Конечно, я здорово волновалась и трусила. "Прости, милый, но, видишь ли, я псионик и эти полгода морочила тебе голову. Правда, здорово?" Я и сейчас могла бы его обмануть, отговориться как-нибудь, убедить оставить всё по-прежнему. Но моё воображение уже рисовало сентиментальные картинки нашего будущего семейного счастья, а в душе жила наивная вера, что нет на свете человека более понимающего и великодушного, чем мой Тал. Уж он-то обязательно поймёт...

Я сказала, что вообще-то не против, но сначала он должен кое-что узнать. И выложила всё.

Он испугался. Не смутился, а именно испугался. Внешне это почти не проявилось. Слегка расширенные зрачки, напряжённые губы, подрагивание пальцев, изменение ритма дыхания, чуть побелевшая кожа у глаз, - признаки, которых нетренированный человек не заметит. Но, даже зажмурившись, я почувствовала бы его страх - как выброс резкого запаха. В Школе мне не раз твердили, что каждая эмоция имеет свой запах, и учили распознавать их. Иногда мне казалось, что я действительно что-то чувствую, но даже стерильная лаборатория Школы была полна запахов предметов и материалов и моих собственных запахов, которых я не ощущала, пока не начинала принюхиваться. Теперь же - впервые - я знала, что не ошибаюсь. Это был запах страха - неприятный, гнилостный и одновременно немного сладковатый.

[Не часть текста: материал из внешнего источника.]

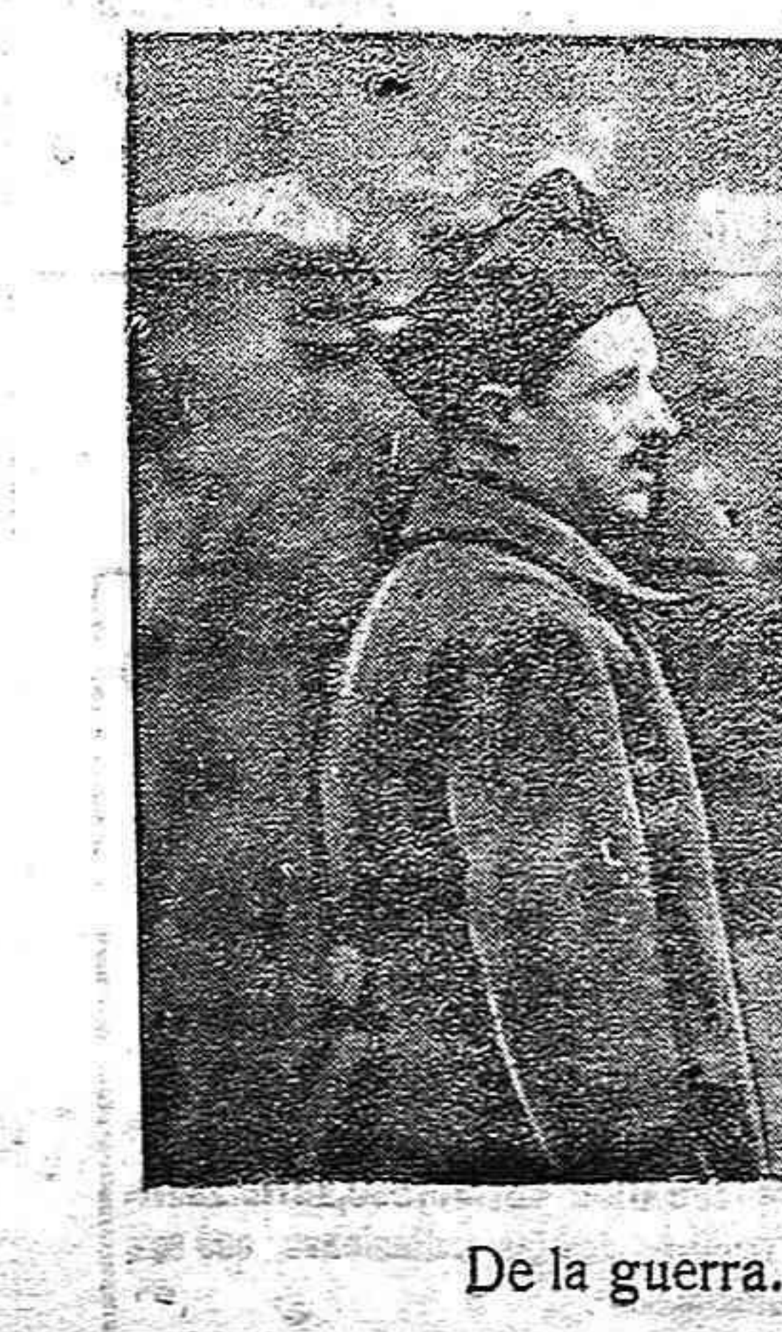
De la guerra.—Periodistas neutrales

El defensor solicitó la revisión del proceso, negándole el Tribunal de derecho. El procesado al oír la sentencia sufrió un síncope, reponiéndose poco después. El acusado se ha negado a firmar la sentencia.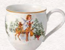
Bicchiere jumbo, angelo 530 ml 19,90 €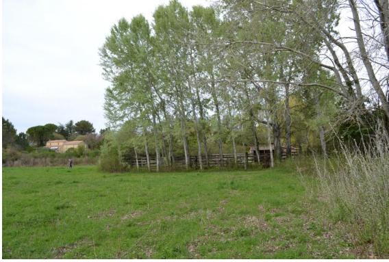
Ripisylve et prairie humide pâturée.

Тал не сказал мне ни одного дурного слова. Он был человеком широких взглядов и достаточным циником, чтобы принять известные отклонения от нормы, которые другого бы шокировали. А ещё он был сдержан от природы и слишком хорошо воспитан, чтобы взять и сходу от меня отказаться. Спросил лишь, почему я не рассказала раньше. И принялся заверять, что мне не о чем тревожиться, что в его отношении ко мне ничего не изменилось. Но уже не говорил, что хочет на мне жениться. А потом не выдержал и спросил, могу ли я читать его мысли. Типичный вопрос ординара.

Я сказала, что в нормальном состоянии я обычный человек, только чуть более чувствительный. Это, конечно, не совсем так, но мне не хотелось ещё больше смущать его.

Вечером Тал впервые отвёз меня в Школу. К этому времени он почти совсем успокоился и был только слегка насторожен.

После этого мы виделись пять раз. Он обращался со мной преувеличенно бережно, но с каждой встречей в нём нарастало напряжение. И лишь раз за целый месяц мы занялись любовью.

Это было хуже всего. Я будто оказалась в постели с куклой. Он по-прежнему знал, как доставить удовольствие моему телу, но его сознание укрывал барьер отчуждения. Не возникло даже простого эмоционального контакта, ни искорки не промелькнуло.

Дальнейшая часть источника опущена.